Recorded information →
*-*-*

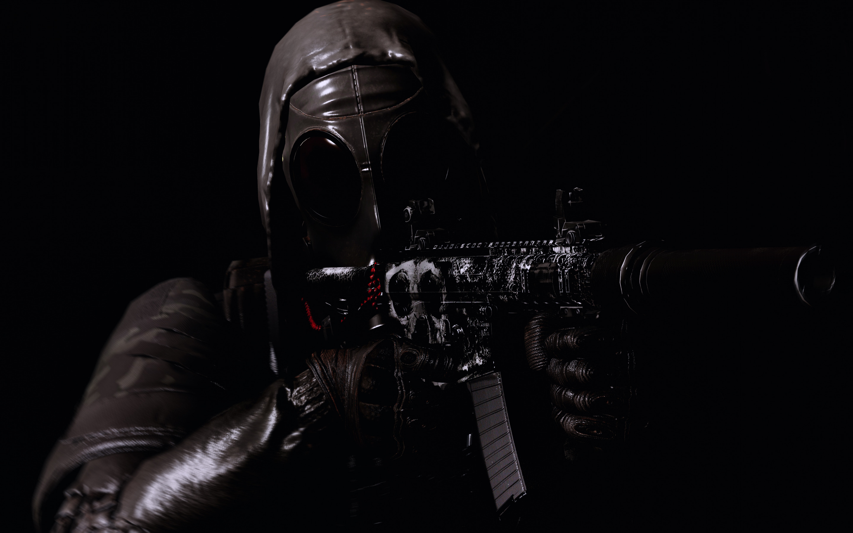 Description: A man in a gas mask holding a gun in the dark with a flashlight in his hand and a camera in his other hand.
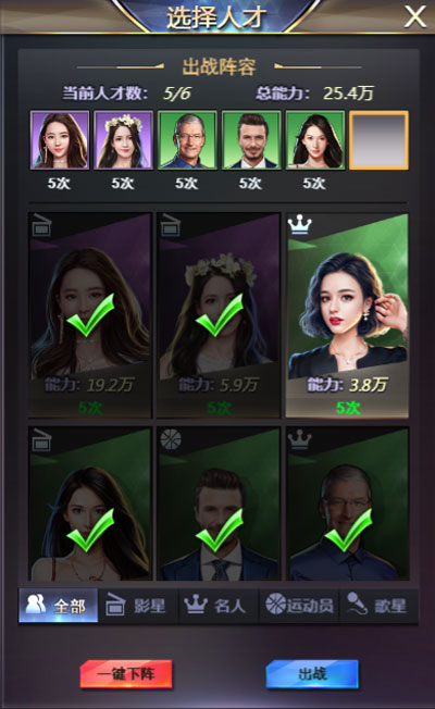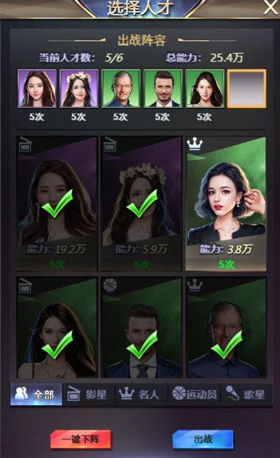 2、出战阵容:每位人才初始拥有5次出战次数,每小时恢复5次,每日上限15次;每次商战最多可派遣6人出战。
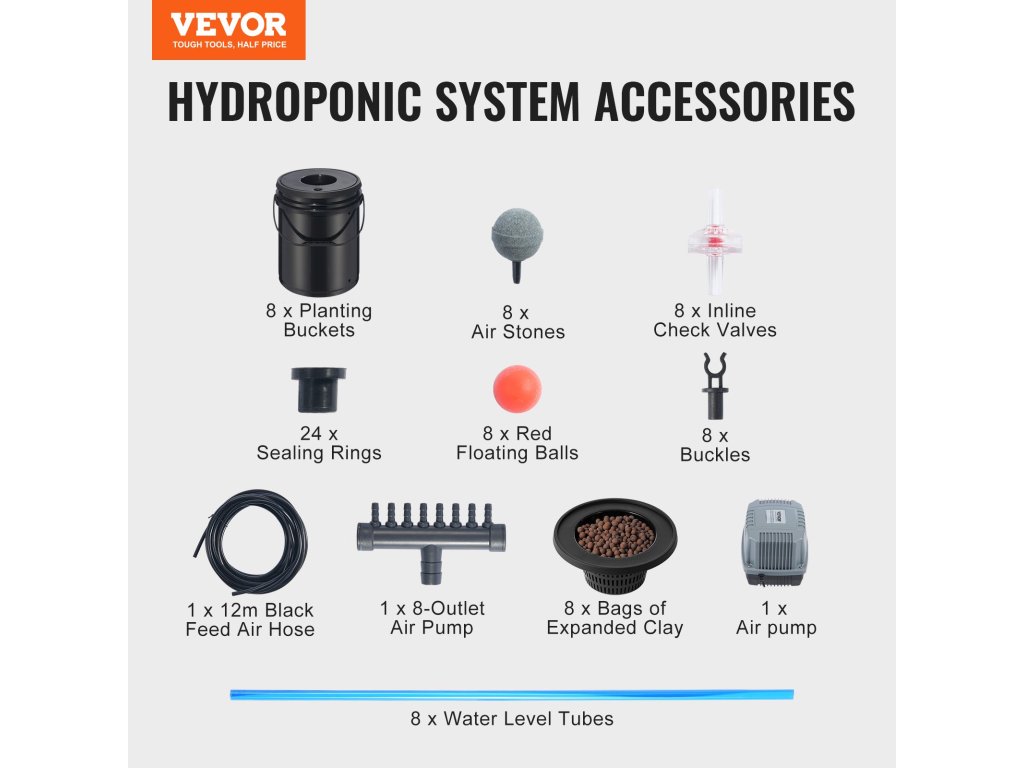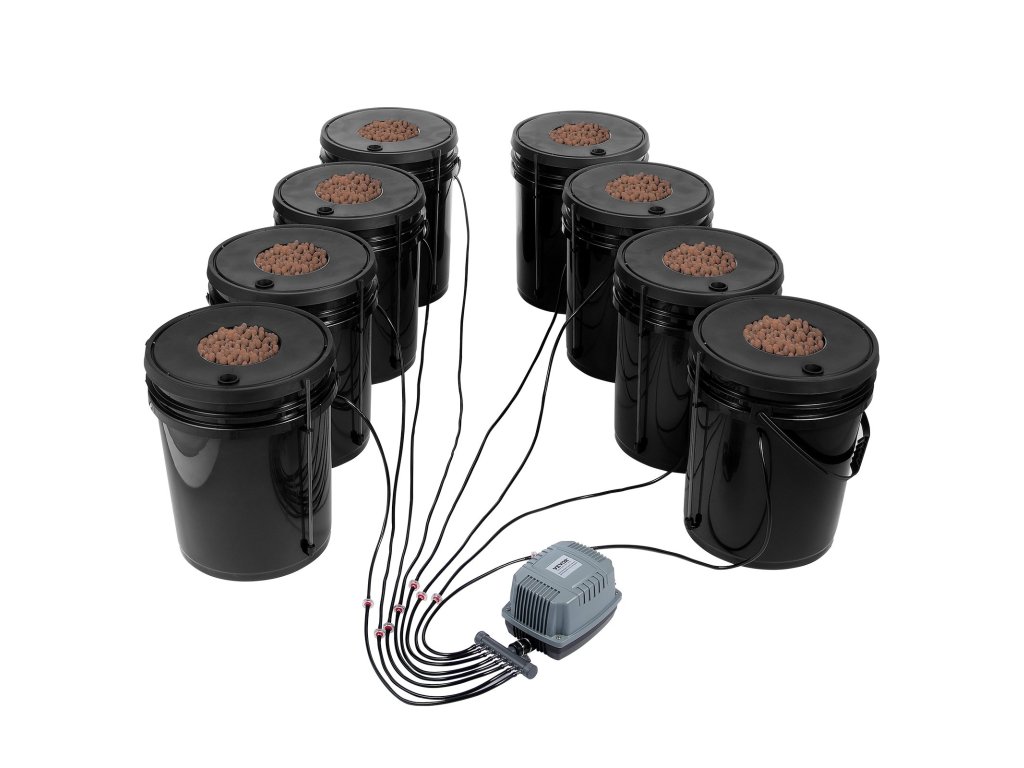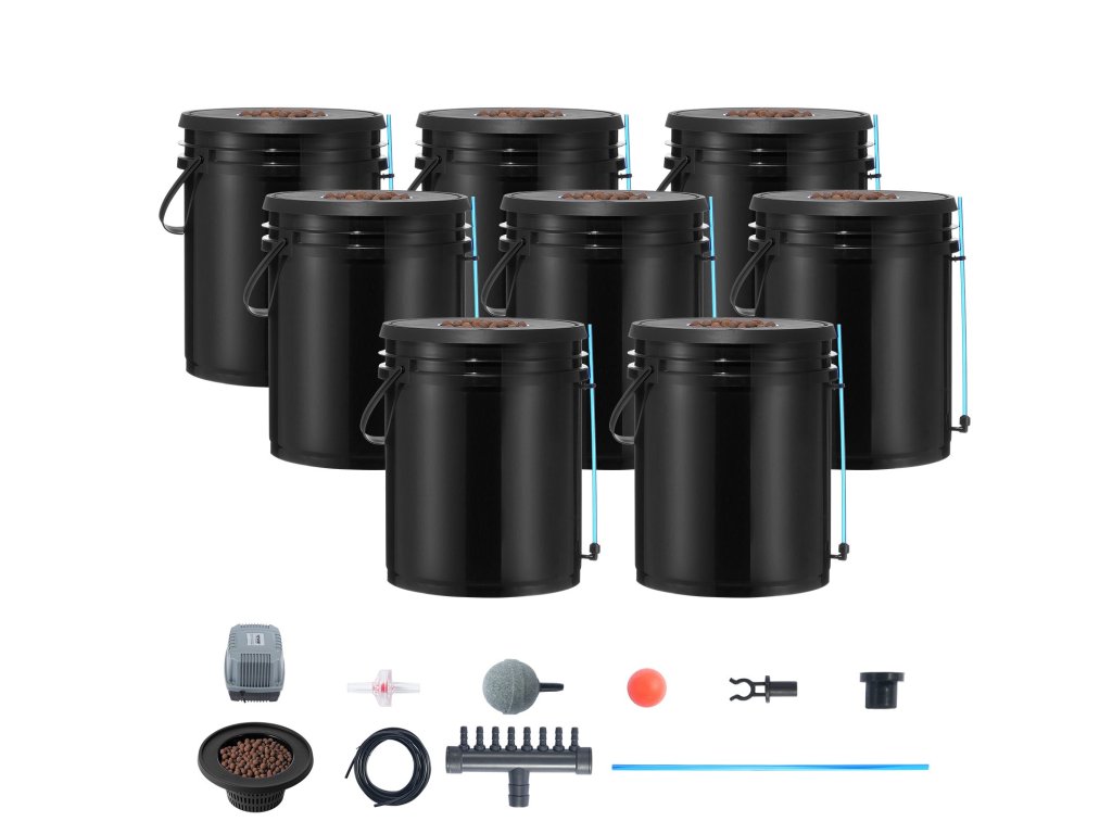 Hidroponikus DWC 8×5 gallonos vödör pumpával, kövekkel és jelzővel

*-*-*

Exercise requirements → From the first line to the last, write out the data exactly, dropping any pictures.

Solution →
 Description: A man in a gas mask holding a gun in the dark with a flashlight in his hand and a camera in his other hand.
 2、出战阵容:每位人才初始拥有5次出战次数,每小时恢复5次,每日上限15次;每次商战最多可派遣6人出战。
 Hidroponikus DWC 8×5 gallonos vödör pumpával, kövekkel és jelzővel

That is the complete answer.